Cet affrontement témoigne par ailleurs du rôle majeur de la Turquie dans la cristallisation des tensions entre mouvements kurdes en Irak aujourd’hui : le PDK est, historiquement, plus proche de la Turquie que l’UPK, davantage proche de l’Iran. La lutte de la Turquie contre le PKK a ainsi accru ce clivage, contraignant certains Kurdes à accepter des compromis – l’installation de bases turques sur leur territoire, par exemple, s’attirant les condamnations d’autres de leurs congénères.

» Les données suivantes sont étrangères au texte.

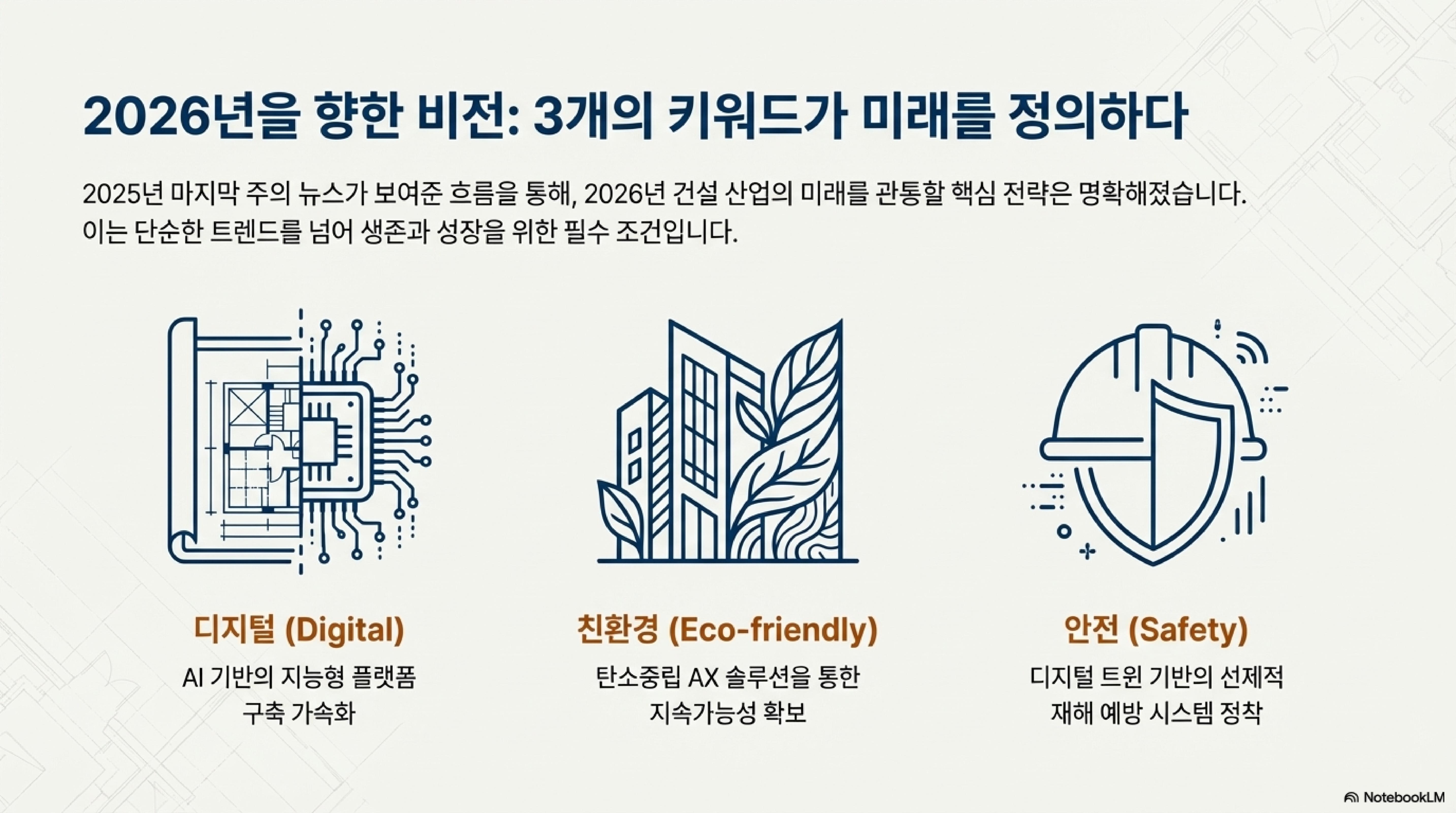 2026년 건설업계를 관통할 핵심 전략은 무엇일까요? AI가 분석한 결과, 우리는 다음 세 단어에 집중해야 합니다.

L’issue de ce face-à-face à Zini Warte va s’avérer crucial pour le futur des Kurdes en Irak. Si l’UPK et le PDK parviennent à surmonter leurs différends, ils pourront maintenir le gouvernement régional qui, bon an mal an, parvient à donner aux Kurdes un cadre politique uni et coordonné. Si les tensions continuent de s’accroître, les divisions politiques le feront aussi mécaniquement, entraînant avec elles le risque d’une scission politique entre mouvements kurdes irakiens et une nouvelle fragmentation politique d’un peuple kurde qui se caractérise, déjà, par une scène politique pour le moins plurielle.